The article states, “Upwards of 170,000 books, the majority published in the past 20 years, are in LLaMA’s training data. . . . These books are part of a dataset called “Books3,” and its use has not been limited to LLaMA. Books3 was also used to train Bloomberg’s BloombergGPT, EleutherAI’s GPT-J—a popular open-source model—and likely other generative-AI programs now embedded in websites across the internet.”
According to an interview in the story with the creator of the Books3 dataset of pirated books, it appears Books3 was created with altruistic intentions. Reisner interviewed the independent developer of Books3, Shawn Presser, who said he created the dataset to give independent developers “OpenAI-grade training data,” in fear of large AI companies having a monopoly over generative AI tools.
The 2023 State of Marketing AI Report findings
Marketing AI Institute, in partnership with Drift, just released our third-annual State of Marketing AI Report. The 2023 State of Marketing AI Report contains responses from 900+ marketers on AI understanding, usage, and adoption. In it, we’ve got tons of insights on how marketers understand, use, and buy AI technology, the top outcomes marketers want from AI, the top barriers they face when adopting AI, how the industry feels about AI's impact on jobs and society, who owns AI within companies, and much more. Paul and Mike talk about some of the most interesting findings from the data.
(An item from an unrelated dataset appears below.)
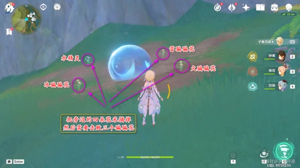 ③:拔掉四朵花后,出现三个骗骗花和一个水精灵,先清怪;

You can now fine-tune GPT-3.5 Turbo
OpenAI just announced a big update: You can now fine-tune GPT-3.5 Turbo to your own use cases. This means you can customize the base GPT-3.5 Turbo model to your own needs, so they perform much better on use cases that may be custom to your organization’s specific needs. For instance, you might fine-tune GPT-3.5 Turbo to better understand text that’s highly specific to your industry or business. You might also fine-tune models to sound more like your brand in their outputs or remember specific examples or preferences when producing outputs, so you don’t have to spend resources and bandwidth on highly complex prompts every time you use a model. Notably, OpenAI says: “Early tests have shown a fine-tuned version of GPT-3.5 Turbo can match, or even outperform, base GPT-4-level capabilities on certain narrow tasks.” They also note fine-tuning for GPT-4 will be coming this fall.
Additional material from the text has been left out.